Exercise prompt.
The answer must be an exact copy of the lines from the one with "Warnerton - Chocolate" through the final line of the records below, with no pictures.

[Data under study]

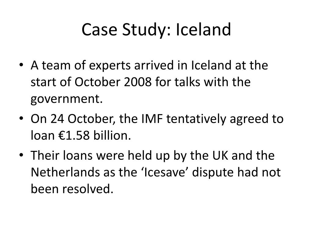 Case Study: Iceland • A team of experts arrived in Iceland at the start of October 2008 for talks with the government. • On 24 October, the IMF tentatively agreed to loan €1.58 billion. • Their loans were held up by the UK and the Netherlands as the ‘Icesave’ dispute had not been resolved.
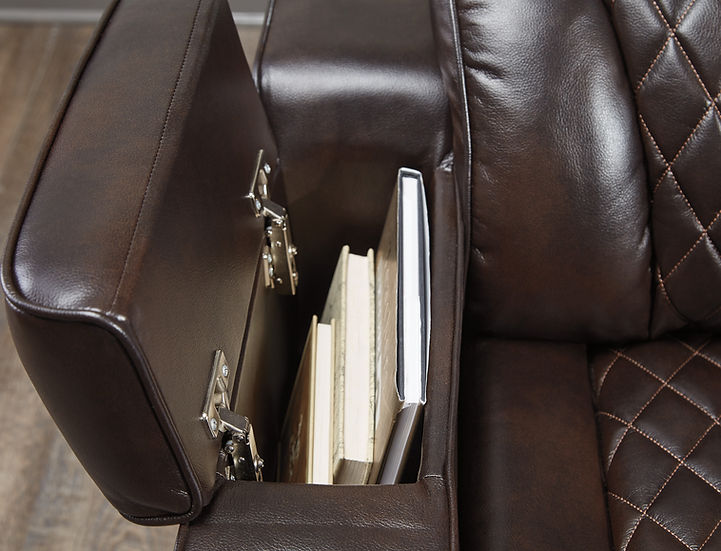 Warnerton - Chocolate - PWR REC Loveseat/CON/ADJ HDRST
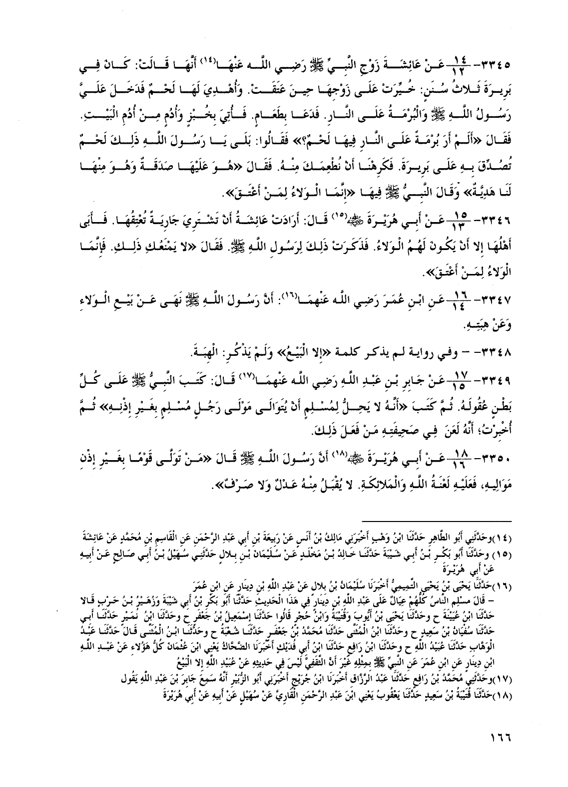 3346 - عن أبي هريرة رضي الله عنه قال: أرادت عائشة أن تشتري جارية تعتقها. فأبى أهلها إلا أن يكون لهم الولاء. فذكرت ذلك لرسول الله صلى الله عليه وسلم. فقال "لا يمنعك ذلك. فإنما الولاء لمن أعتق".
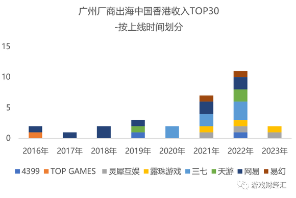 通过上图不难发现,灵犀互娱、三七、露珠游戏近两年飞速发展,目前已经成为广州厂商出海中国香港市场的重要力量。
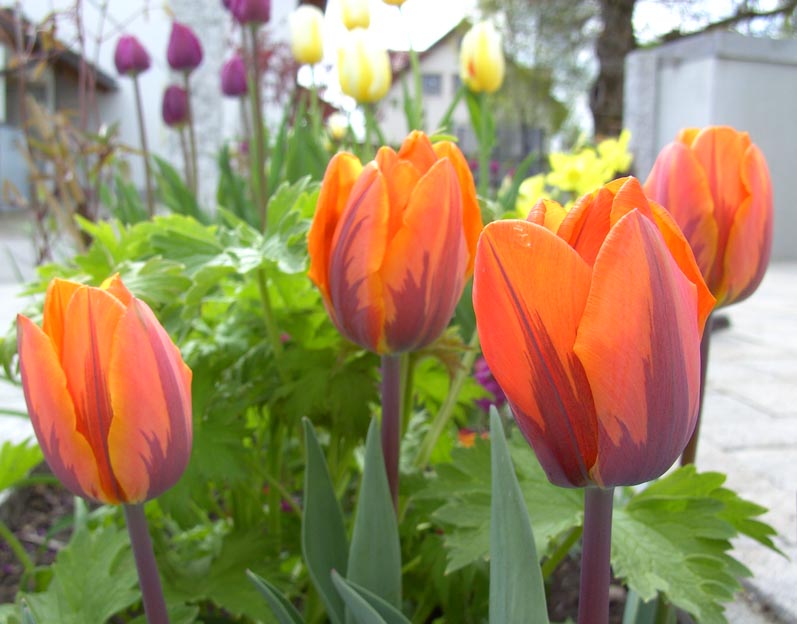 Erst habe ich gedacht, ich hätte augeblühte Tulpen in falscher Erinnerung, aber dieses Frühjahr haben wir noch viele Tulpen mehr, die wir im Herbst gesetzt haben. Das sind alles "normale".
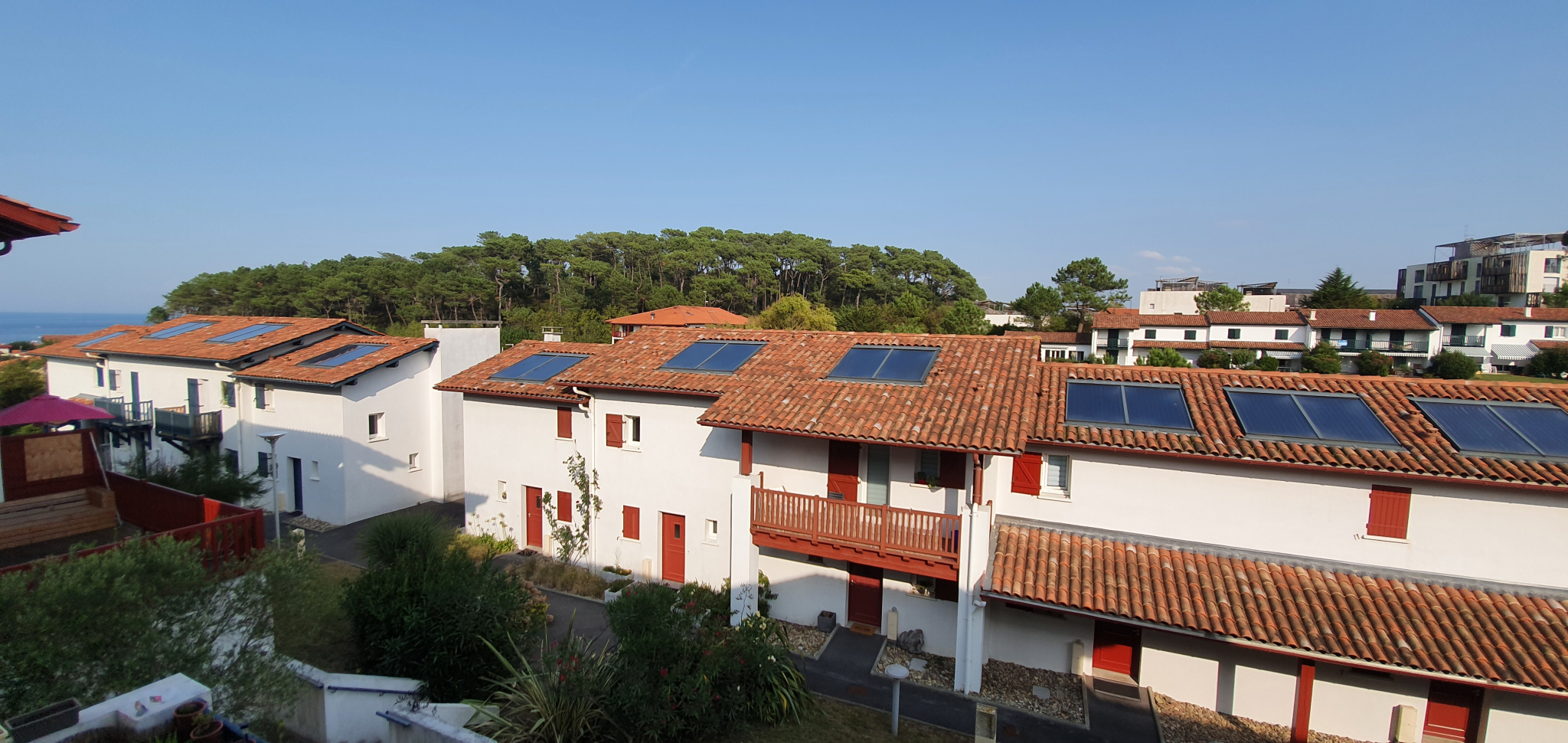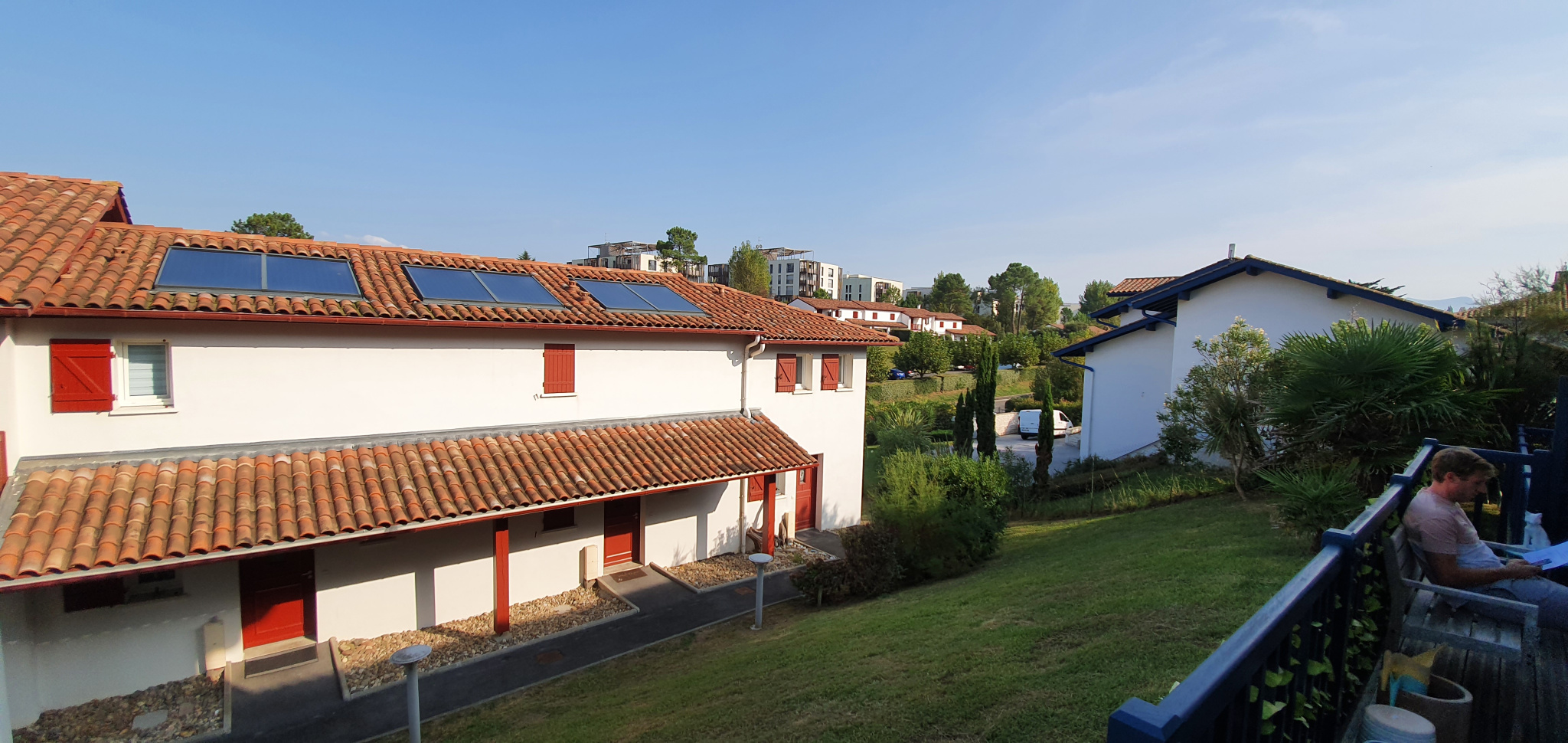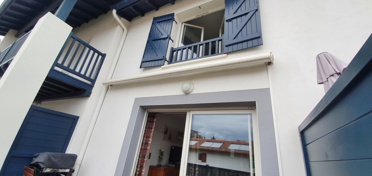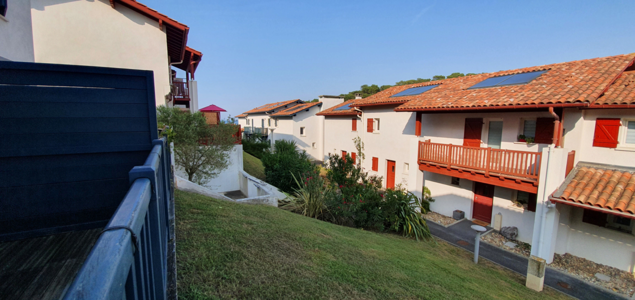 Ce petit appartement cocooning de type 3, en duplex, de style maisonnette mitoyenne, est situé dans une petite résidence calme, à 150 mètres de la plage d’Erromardie.
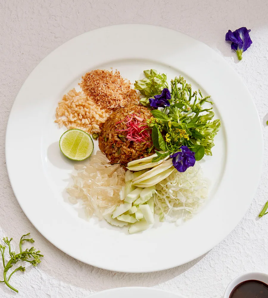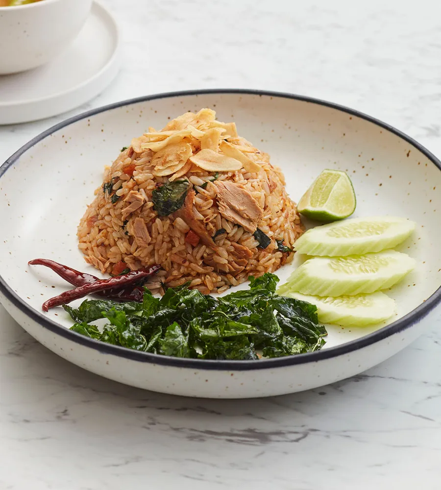 ข้าวกล้องออร์แกนิกผัดปลาสละ กะเพรากรอบทูน่า เสิร์ฟพร้อมซุปผัก

[/Data under study]

Expected output.
 Warnerton - Chocolate - PWR REC Loveseat/CON/ADJ HDRST
 3346 - عن أبي هريرة رضي الله عنه قال: أرادت عائشة أن تشتري جارية تعتقها. فأبى أهلها إلا أن يكون لهم الولاء. فذكرت ذلك لرسول الله صلى الله عليه وسلم. فقال "لا يمنعك ذلك. فإنما الولاء لمن أعتق".
 通过上图不难发现,灵犀互娱、三七、露珠游戏近两年飞速发展,目前已经成为广州厂商出海中国香港市场的重要力量。
 Erst habe ich gedacht, ich hätte augeblühte Tulpen in falscher Erinnerung, aber dieses Frühjahr haben wir noch viele Tulpen mehr, die wir im Herbst gesetzt haben. Das sind alles "normale".
 Ce petit appartement cocooning de type 3, en duplex, de style maisonnette mitoyenne, est situé dans une petite résidence calme, à 150 mètres de la plage d’Erromardie.
 ข้าวกล้องออร์แกนิกผัดปลาสละ กะเพรากรอบทูน่า เสิร์ฟพร้อมซุปผัก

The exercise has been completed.